You can also click the Scaling Configuration button in the Operation column to configure auto-scaling policies, including scaling thresholds, minimum/maximum number of replicas, and scheduled scaling.
Unpublish a service
Go to the Model Deployment console, find the deployment service to stop, and click the corresponding operation based on the billing method:
-
Model Unit (Subscription): Click Deactivate and confirm.
-
Pay-as-you-go: Click Delete and confirm.
Billing stops after the operation is complete.

Other operations
In addition to unpublishing, the Operation column on the deployment list page supports the following operations:
-
Update: Update the model version of a deployed service. You can update all at once or in batches (canary release).
-
Delete: Pay-as-you-go services can be deleted directly to stop billing.
-
Renewal: Subscription services can be renewed to extend the service time. Auto-renewal is supported.
-
Purchase Capacity Package: Purchase a capacity package for a provisioned throughput deployment.
FAQ
Can I upload and deploy my own models?
You can import some open source models in the My Models console (Beijing). For a detailed list of supported models, see Model import.
In addition, Alibaba Cloud Platform for AI (PAI) provides the functionality to deploy your own models. For more information, see PAI-LLM large language model deployment.
What do I do if I get a permission error during deployment?
-
If you see the message "You do not have the required permissions for this module", make sure your account has the Model Deployment - Operation permission on the permission management page of the workspace.

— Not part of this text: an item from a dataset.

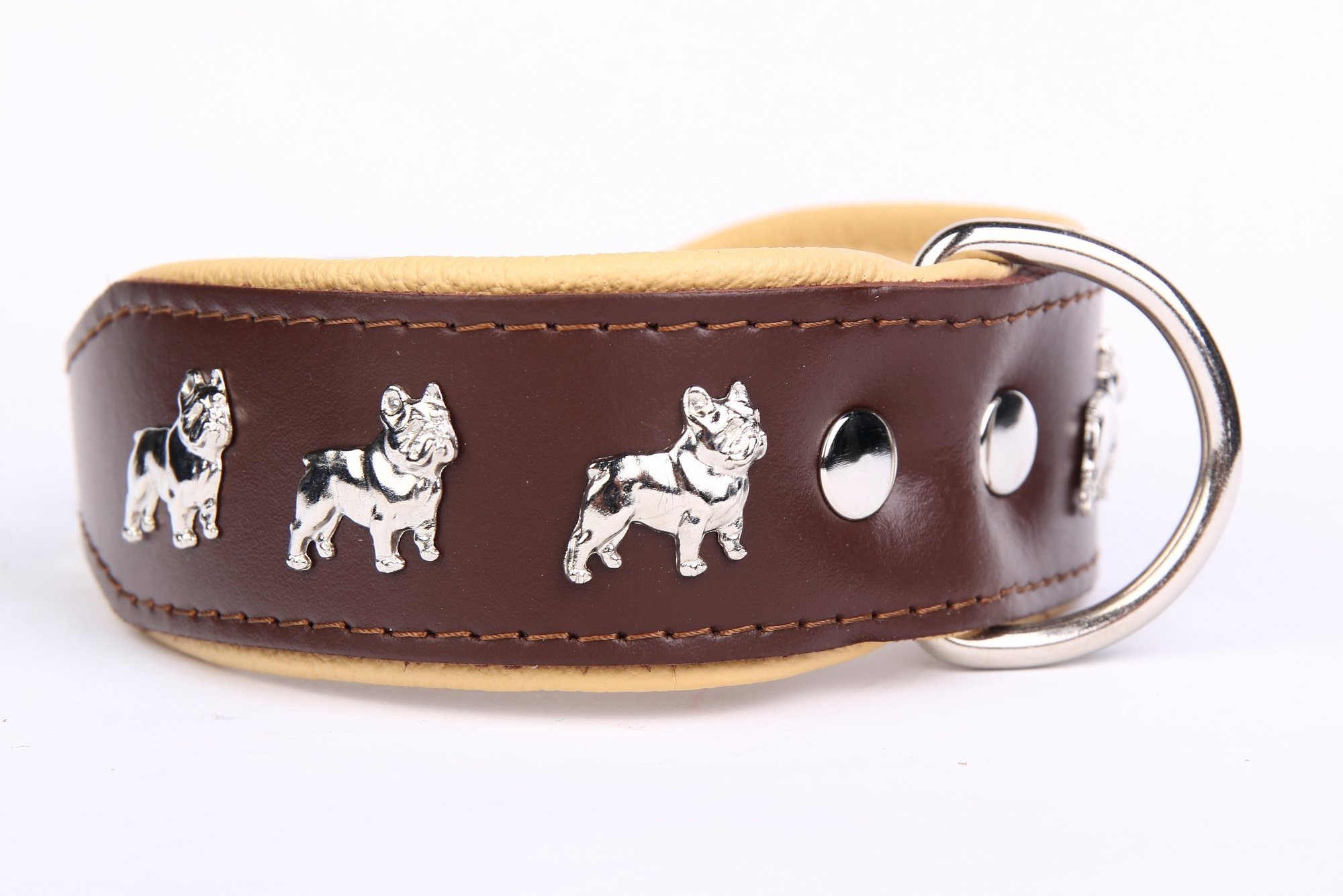 Hoogste kwaliteit handgemaakte leren honden halsband met Franse Bulldog. Gemaakt van soft Italiaans nappa leer. Verkrijgbaar in vele kleurcombinaties.

If you cannot perform the operation, contact your organization or IT administrator to add the required permissions or to check for permission issues.
-
If the deployment fails with the error "Workspace xxx does not have deployment privilege for model xxxx", go to the Workspace Management page in Model Studio and add the deployment permission for the corresponding model to the workspace.
API call error:
Workspace xxx does not have deployment privilege for model xxxx.

If you receive a permission error, contact your organization or IT administrator to add the required permissions or to perform the operation for you.
How do I switch to a different billing method?
You must release the original resources and then create new resources with the desired billing method.
We recommend the following steps to switch:
-
Deploy new resources using the desired billing method.
-
Switch the API and test the service availability.
-
Unpublish and release the original resources.